WORK ORDER
Lift out, unaltered, the lines of the material below between the line holding "Sparkling façades and" and the line holding "Двойной светильник 29", counting both.

RECORDS
*** Begin section ***

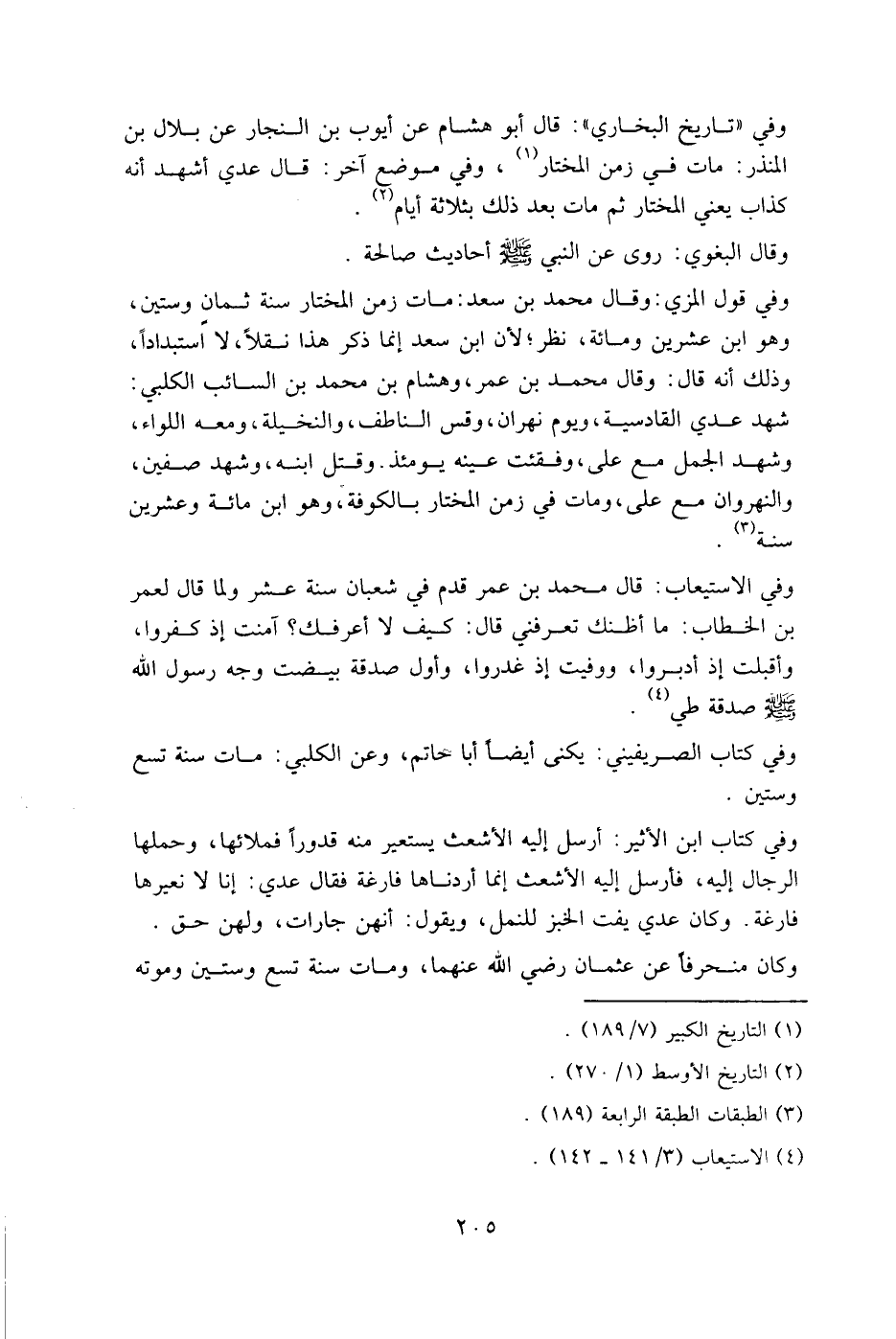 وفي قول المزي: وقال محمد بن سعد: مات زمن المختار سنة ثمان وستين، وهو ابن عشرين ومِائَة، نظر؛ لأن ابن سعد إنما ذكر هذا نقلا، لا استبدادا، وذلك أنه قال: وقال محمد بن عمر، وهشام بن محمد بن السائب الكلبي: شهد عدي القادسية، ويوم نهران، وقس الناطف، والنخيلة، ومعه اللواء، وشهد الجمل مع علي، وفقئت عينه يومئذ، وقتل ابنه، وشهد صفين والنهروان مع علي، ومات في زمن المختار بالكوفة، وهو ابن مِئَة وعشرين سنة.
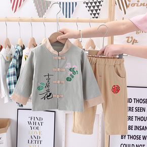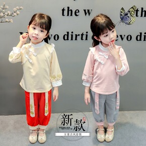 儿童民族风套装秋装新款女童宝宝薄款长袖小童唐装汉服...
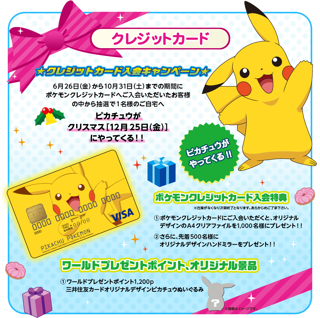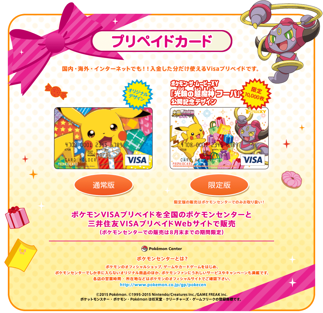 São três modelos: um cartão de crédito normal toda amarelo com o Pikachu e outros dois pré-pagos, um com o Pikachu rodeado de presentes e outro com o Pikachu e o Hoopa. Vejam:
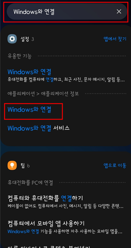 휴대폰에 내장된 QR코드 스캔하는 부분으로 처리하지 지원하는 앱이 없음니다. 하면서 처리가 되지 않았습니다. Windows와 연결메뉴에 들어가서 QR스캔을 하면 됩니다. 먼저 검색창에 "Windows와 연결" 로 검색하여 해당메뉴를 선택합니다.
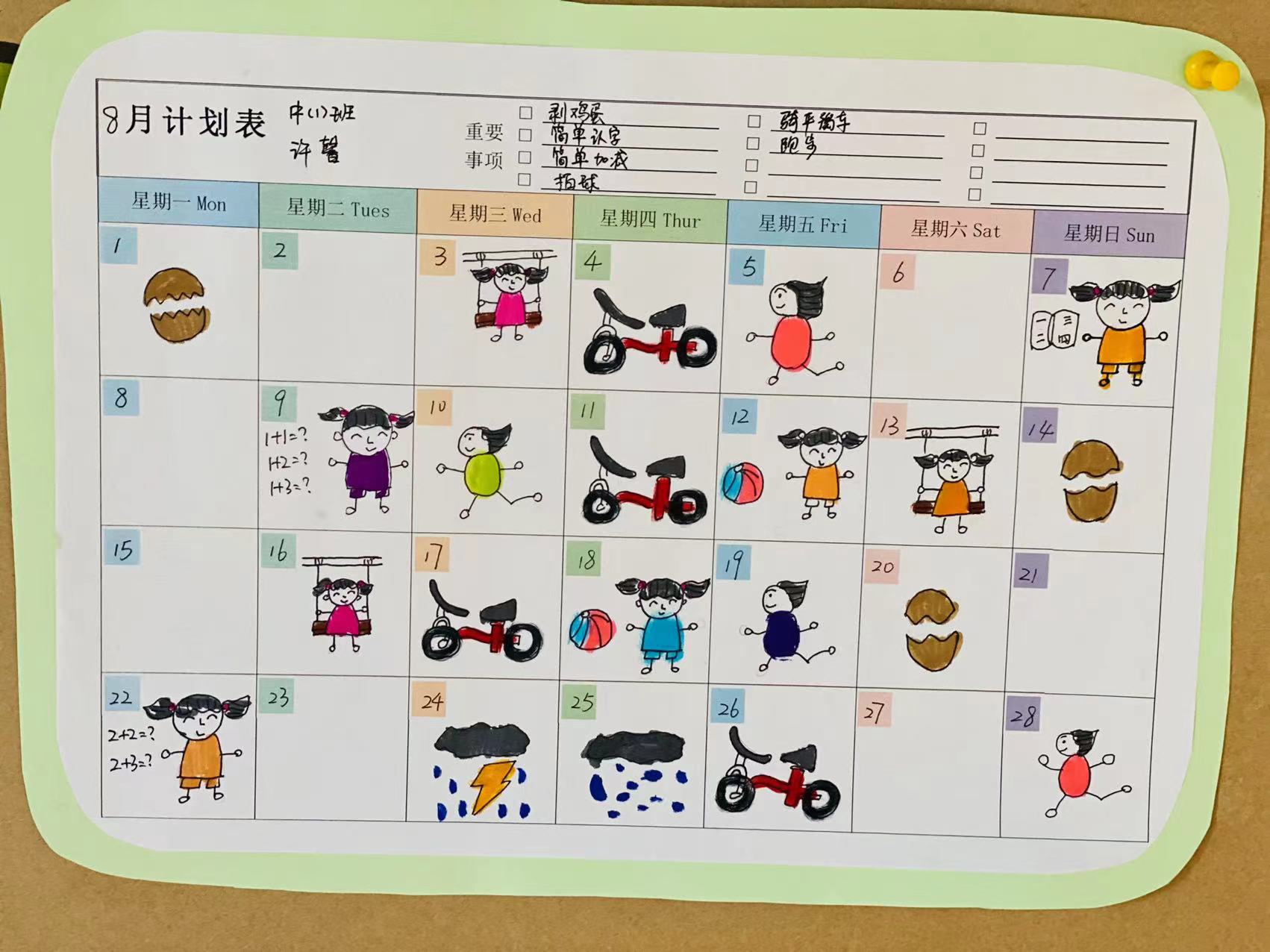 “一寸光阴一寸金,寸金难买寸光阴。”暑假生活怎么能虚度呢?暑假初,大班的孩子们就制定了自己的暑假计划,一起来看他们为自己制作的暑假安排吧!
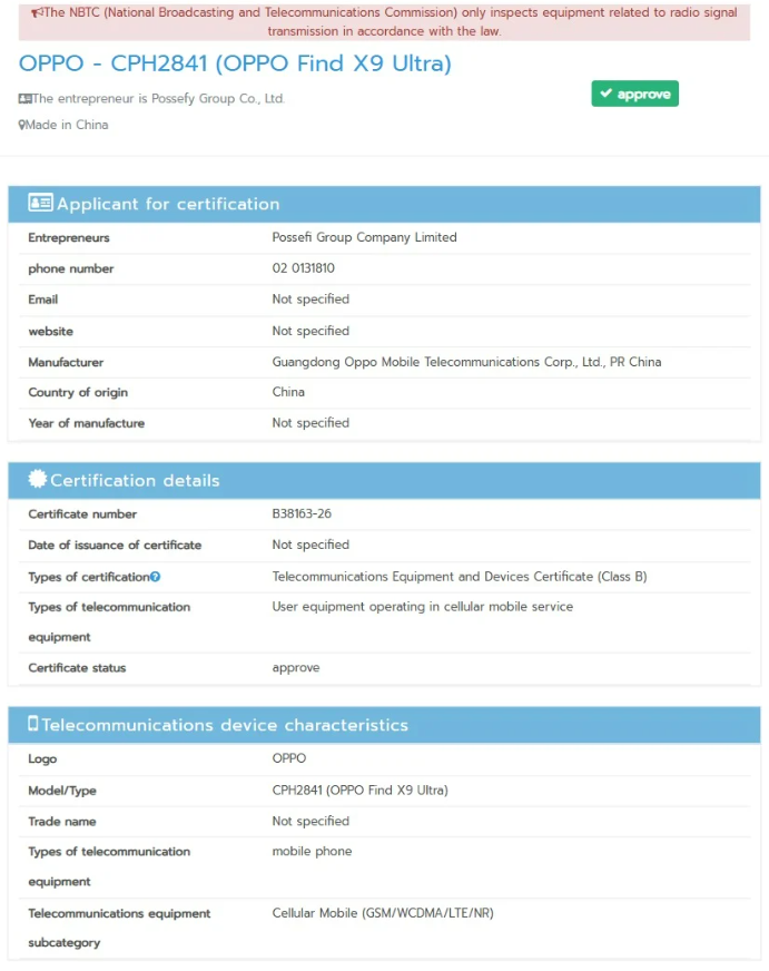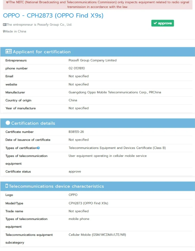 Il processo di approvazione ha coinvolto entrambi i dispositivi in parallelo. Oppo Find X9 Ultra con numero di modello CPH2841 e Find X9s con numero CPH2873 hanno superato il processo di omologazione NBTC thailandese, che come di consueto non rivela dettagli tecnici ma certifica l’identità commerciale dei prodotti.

*** End section ***
*** Begin section ***

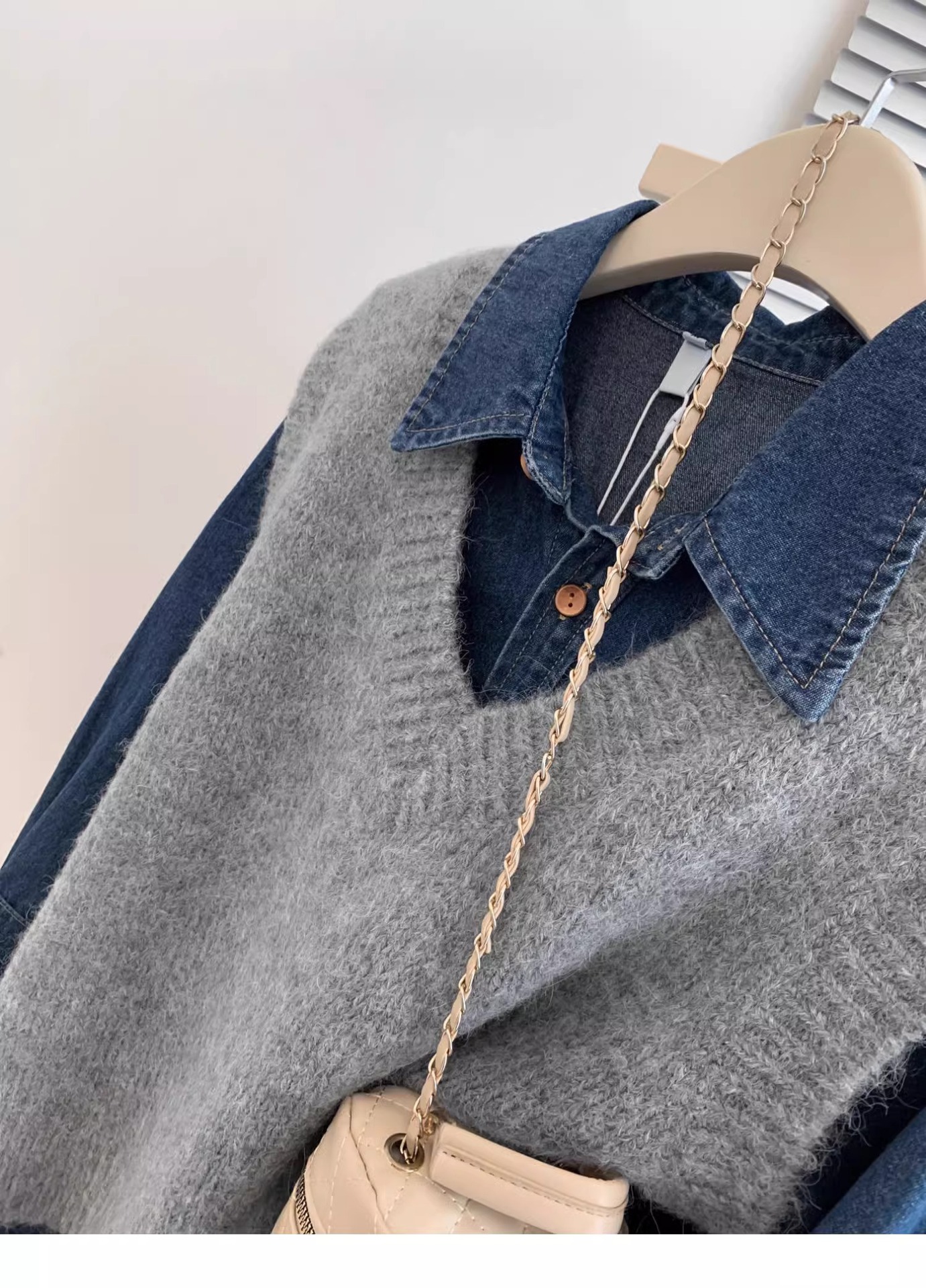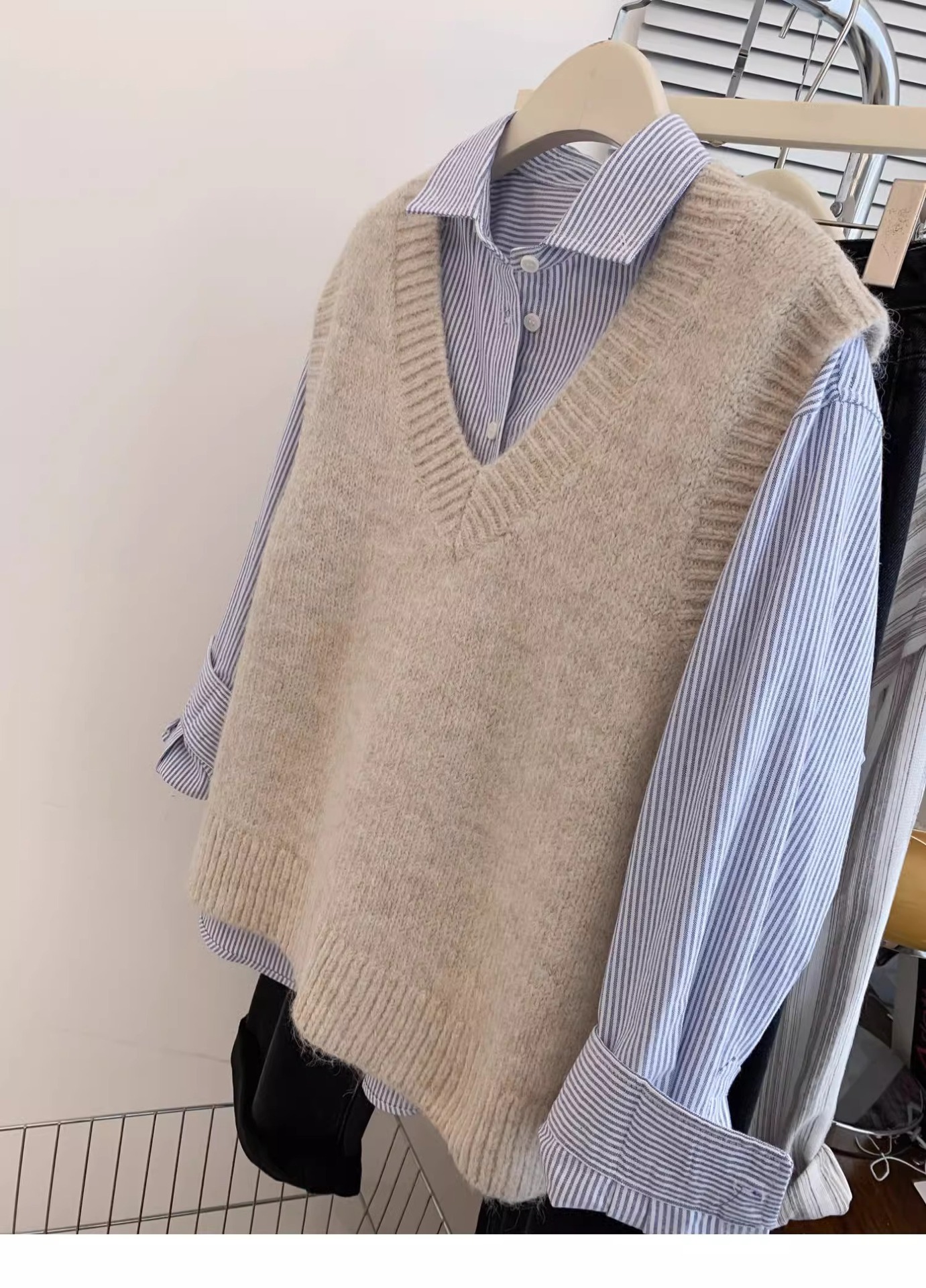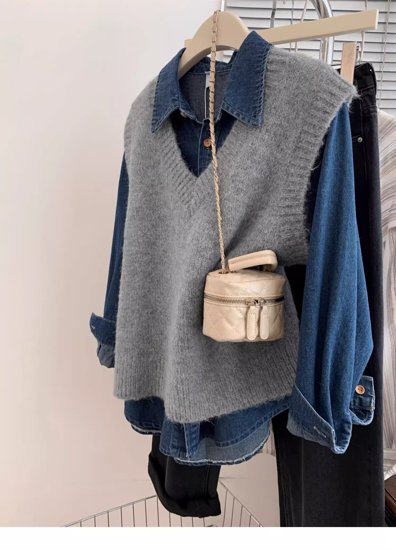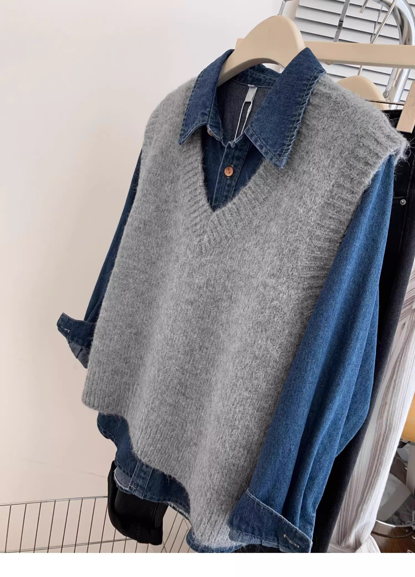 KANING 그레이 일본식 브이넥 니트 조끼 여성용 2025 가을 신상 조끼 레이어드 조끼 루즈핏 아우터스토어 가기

*** End section ***
*** Begin section ***

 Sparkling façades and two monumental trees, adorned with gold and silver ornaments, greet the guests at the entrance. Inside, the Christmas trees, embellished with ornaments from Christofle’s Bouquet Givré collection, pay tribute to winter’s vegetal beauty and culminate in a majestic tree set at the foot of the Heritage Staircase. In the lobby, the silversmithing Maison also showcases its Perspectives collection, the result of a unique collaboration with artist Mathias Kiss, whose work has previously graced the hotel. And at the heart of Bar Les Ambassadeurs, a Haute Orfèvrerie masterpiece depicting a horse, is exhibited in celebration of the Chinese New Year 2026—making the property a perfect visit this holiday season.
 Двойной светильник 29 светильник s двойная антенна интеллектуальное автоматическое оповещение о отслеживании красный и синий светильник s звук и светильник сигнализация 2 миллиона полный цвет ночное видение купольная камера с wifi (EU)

*** End section ***

TASK SOLUTION
 Sparkling façades and two monumental trees, adorned with gold and silver ornaments, greet the guests at the entrance. Inside, the Christmas trees, embellished with ornaments from Christofle’s Bouquet Givré collection, pay tribute to winter’s vegetal beauty and culminate in a majestic tree set at the foot of the Heritage Staircase. In the lobby, the silversmithing Maison also showcases its Perspectives collection, the result of a unique collaboration with artist Mathias Kiss, whose work has previously graced the hotel. And at the heart of Bar Les Ambassadeurs, a Haute Orfèvrerie masterpiece depicting a horse, is exhibited in celebration of the Chinese New Year 2026—making the property a perfect visit this holiday season.
 Двойной светильник 29 светильник s двойная антенна интеллектуальное автоматическое оповещение о отслеживании красный и синий светильник s звук и светильник сигнализация 2 миллиона полный цвет ночное видение купольная камера с wifi (EU)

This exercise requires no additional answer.